## Task
From the very first line of the records through the line that contains "2. Em seguida", repeat everything exactly except the pictures, and add nothing.

═══

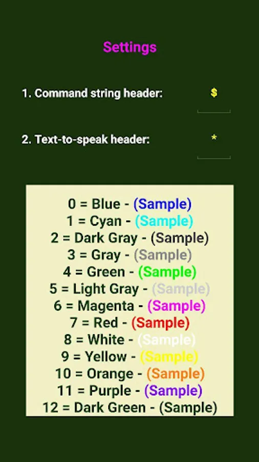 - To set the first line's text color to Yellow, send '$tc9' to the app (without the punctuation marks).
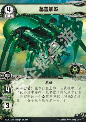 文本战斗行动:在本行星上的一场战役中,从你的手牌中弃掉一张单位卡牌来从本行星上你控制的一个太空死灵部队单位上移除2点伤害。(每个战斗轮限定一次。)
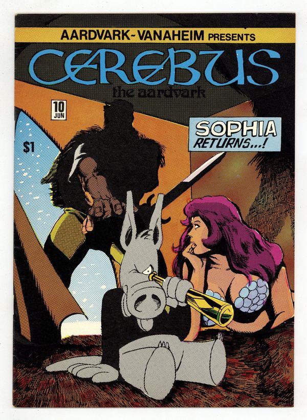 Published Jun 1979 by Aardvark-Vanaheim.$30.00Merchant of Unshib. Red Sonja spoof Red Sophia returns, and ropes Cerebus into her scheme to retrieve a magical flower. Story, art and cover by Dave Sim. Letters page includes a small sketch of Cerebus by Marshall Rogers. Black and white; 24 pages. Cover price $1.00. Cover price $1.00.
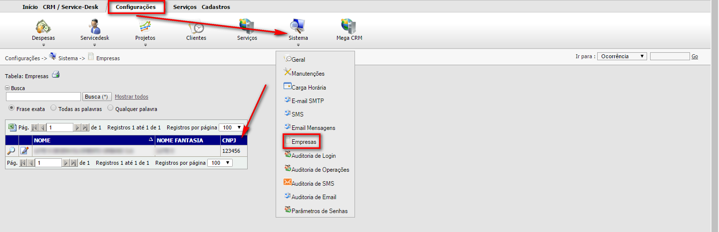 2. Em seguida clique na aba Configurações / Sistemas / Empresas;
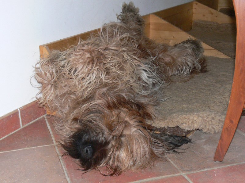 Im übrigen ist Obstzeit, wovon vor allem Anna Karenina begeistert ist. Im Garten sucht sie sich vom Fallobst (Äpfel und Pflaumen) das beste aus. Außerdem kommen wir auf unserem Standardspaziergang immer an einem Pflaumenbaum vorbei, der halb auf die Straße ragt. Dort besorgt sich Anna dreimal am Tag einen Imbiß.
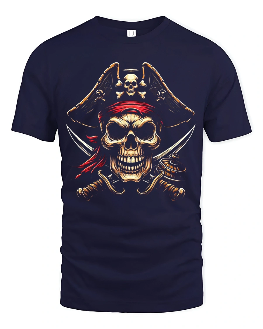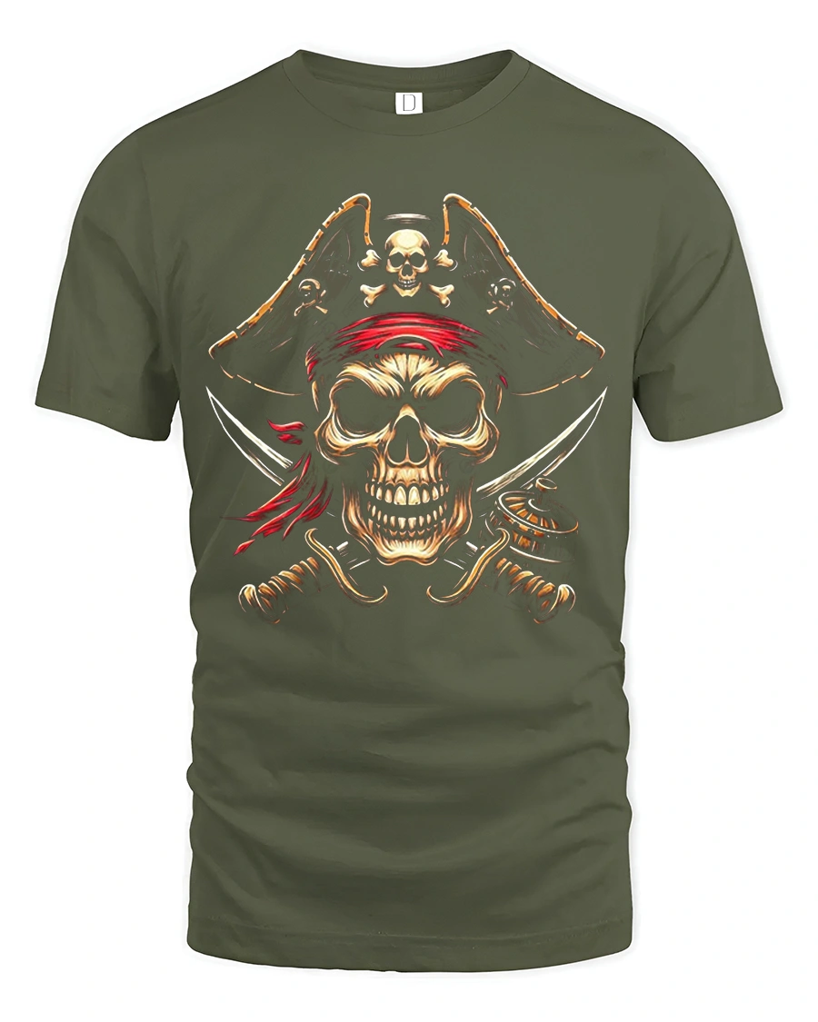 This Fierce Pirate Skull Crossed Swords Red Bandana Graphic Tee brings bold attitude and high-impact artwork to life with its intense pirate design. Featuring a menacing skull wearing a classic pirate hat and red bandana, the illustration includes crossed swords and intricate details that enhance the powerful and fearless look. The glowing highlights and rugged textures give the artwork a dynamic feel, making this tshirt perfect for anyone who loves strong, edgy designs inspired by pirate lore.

═══

## Response
 - To set the first line's text color to Yellow, send '$tc9' to the app (without the punctuation marks).
 文本战斗行动:在本行星上的一场战役中,从你的手牌中弃掉一张单位卡牌来从本行星上你控制的一个太空死灵部队单位上移除2点伤害。(每个战斗轮限定一次。)
 Published Jun 1979 by Aardvark-Vanaheim.$30.00Merchant of Unshib. Red Sonja spoof Red Sophia returns, and ropes Cerebus into her scheme to retrieve a magical flower. Story, art and cover by Dave Sim. Letters page includes a small sketch of Cerebus by Marshall Rogers. Black and white; 24 pages. Cover price $1.00. Cover price $1.00.
 2. Em seguida clique na aba Configurações / Sistemas / Empresas;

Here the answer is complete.